Does that mean I give myself the green light to pull my hair out unchecked? Of course not. It means I now understand the intelligence behind it. I did the work, I asked the questions, and I understood what the message was. And once I understood the message, it no longer became a battle of wills that I’d never win.
Peeling back the layers of shame to find the intelligence beneath took me on a journey back through time, to terrifying teachers and being ridiculed in class, to constant shaming for daydreaming, to witnessing the volatile breakdown of my parent’s marriage and much more. It took me through my sensory sensitivities and painful memories of getting in trouble for “being difficult” through ADHD diagnosis, through reconnecting to my most spiritual needs and practices, and meandered its way through a paradox of needing time alone and yet being desperately lonely.

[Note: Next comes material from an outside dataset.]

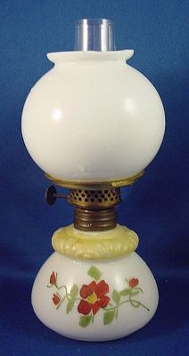 Title (ebay affiliate link): Antq Miniature Gone With the Wind GWTW Milk Glass Oil Lamp P & A Burner NR

It is not reliving childhood trauma; even though one might recall these events, we do not seek to cure or heal. We simply acknowledge and collect another piece of the puzzle. It is a journey of curiosity, compassion, and radical self-acceptance.
At the root of our deepest shame lies our greatest power. Our deepest shame is not a burden to be carried but a catalyst for transformation. And it is through embracing our vulnerabilities and understanding the messages they convey that we find our greatest power. By shedding the cloak of shame and embracing our authentic selves, we can embark on a path of self-empowerment and liberation.
Listen to the intelligence you have inside you. Look underneath the shame for the message.